Debra Tann, who is a certified dementia educator, has a front-row seat to the disproportionate impact Alzheimer’s disease and related dementias have in communities of color. She has lived in Valdosta, a city of 56,000, whose population is primarily Black, for three decades and has made it her mission to educate and empower members of her community to participate in clinical research. Beyond simply promoting equity, what’s at stake is the development of tailored treatments that could help stop dementia in communities of color nationwide.   

Clinical trials have long been hindered by a lack of diversity, where people of northern European descent are significantly overrepresented and Black, Latino, Asian and Indigenous peoples are left out. This problem is especially acute for Alzheimer’s disease. For example, the phase 3 trial of the promising new drug donanemab enrolled 1736 people, but only 35 Black and 59 Hispanic participants, representing 5 percent of the study. Likewise, lecanemab, the first Alzheimer’s drug to receive full approval by the U.S. Food and Drug Administration, was tested in a 1,795-person trial, but only 2.5 percent of the participants were Black and 12.5 percent Hispanic.

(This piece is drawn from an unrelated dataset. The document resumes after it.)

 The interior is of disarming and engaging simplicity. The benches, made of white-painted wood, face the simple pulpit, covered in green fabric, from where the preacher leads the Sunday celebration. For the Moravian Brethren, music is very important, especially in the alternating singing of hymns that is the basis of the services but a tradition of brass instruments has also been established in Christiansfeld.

Across more than 100 Alzheimer’s drug trials, 95 percent of participants were white, a percentage that’s remained stubbornly high over the past 20 years. The lack of representation may be even greater than these numbers would suggest because Black patients are twice as likely as white patients to have dementia, while Hispanic patients are 1.5 times as likely. “The vast amount of our research and understanding of Alzheimer’s—and other related dementias—are based on these rarefied, highly educated, high socioeconomic status, non-Latinx white samples,” says Monica Rivera-Mindt, a professor of psychology at Fordham University.

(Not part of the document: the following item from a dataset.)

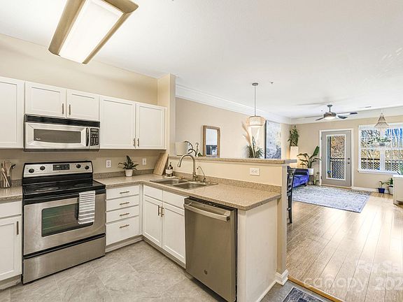 Discover this bright and inviting 3 bedroom 2 bathroom South Asheville condo. Positioned on the desirable top floor, this south-facing condo boasts an open floor plan, abundant natural light, and 9 ft ceilings. Convenient to downtown, West Asheville, the Blue Ridge Parkway, and easy interstate access. Enjoy the sun-drenched open living area that seamlessly connects to a private balcony featuring beautiful views, privacy, and a storage closet. The primary suite includes a private en-suite full bath and walk-in closet. The community offers serene walking trails, picnic areas, and grilling spots surrounded by mature trees. This peaceful, owner-occupied community is pet-friendly, and most utilities, except electricity, are covered by the HOA dues. Relish in breathtaking views from the covered balcony, perfect for savoring your morning coffee or evening drinks. Experience peace with no neighbors above you. Move in ready with fresh paint and new updates. So many reasons to make it yours!

Despite their higher rates of dementia, people of color more often fail to qualify for trials than white people. In general, marginalized groups are ruled out because they have a higher rate of comorbidities and their blood screenings reveal lower levels of Alzheimer’s pathology than white people with similar disease progression. In addition to steering Alzheimer’s research and development away from people of color, these disparities draw into question our understanding of the disease itself. “It’s a terrible waste of time, efforts and resources to start going down the wrong path for the next 30 years because we don’t understand the differences in disease biomarkers between people of differing ancestries,” says Nancy Lynn, a senior vice president at the BrightFocus Foundation and co-leader of the project engaging local communities in Alzheimer’s research in Valdosta. “Brain health equity begins in the lab.”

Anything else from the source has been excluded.